First, you might consider using Jupyter Notebook through the HPC portal over https. Just log in with your ONID credentials, and select "Jupyter Notebook" from the "Interactive Apps. Then put in "conda" for a module to load (and also add "cuda" if you plan to reserve a GPU) then fill in the blanks with whatever time and resources you need. This will launch the Jupyter Notebook app on your browser with the resources you have reserved.
If however, you still require running Jupyter over ssh rather than https then follow the steps below:
1) from a submit node, request resources (e.g. 4 cpu cores and gpu if needed) using srun, e.g.:
srun -c 4 --gres=gpu:1 --pty bash
2) from your active srun session, load a conda module which has jupyter-notebook installed:
module load conda
Alternatively, you may activate your own conda instance or python virtual environment containing jupyter-notebook.
3) from your active srun session, launch Jupyter notebook without browser but using an open port like 8080:
jupyter notebook --no-browser --port=8080
4) from your laptop or desktop, set up an ssh tunnel, e.g.:
ssh -N -L 8080:localhost:8080 {onid}@compute-{hostname}.hpc.engr.oregonstate.edu
This part can be tricky. The hostname given in the "srun" session is an internal cluster name, so if accessing from outside the cluster that name must start with "compute-" (see FAQ #A.3 for details). So if your srun session is on dgx2-1 then you would use "compute-dgx2-1", but if your session is on cn-gpu5 then you would use "compute-gpu5".
5) after providing the credentials for your ssh tunnel, open a browser on your laptop or desktop to:
You should now have access to your Jupyter Notebook on the HPC cluster.

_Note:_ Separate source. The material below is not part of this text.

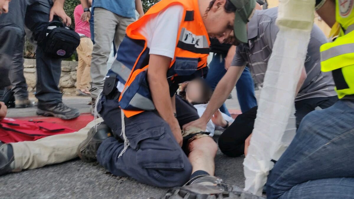 הטיפול הראשוני בפצוע. בפיגוע הירי בלוד. קרדיט חובה : אלעזר ריגר.

Yes. Matlab can make use of all the cores that you request on a single node, but if you need multiple workers over multiple nodes, you can try using Matlab Parallel Server using the following steps:
1) Launch Matlab 2021b on your Windows (or Mac or Linux) computer
2) Go to the "Add-Ons" icon, select "Get Add-Ons"
3) Within the Add-On Explorer, search for "Slurm". Select the "Parallel Computing Toolbox plugin for MATLAB Parallel Server with Slurm", and install that Add-On. You will be asked to authenticate to your Matlab account.
4) After installation has completed, you will be asked to configure this Add-On. Proceed with the following options:
Choose "non shared" profile.
ClusterHost = any HPC submit host, e.g. "submit-b.hpc.engr.oregonstate.edu" (other choices can be submit-a or submit-c)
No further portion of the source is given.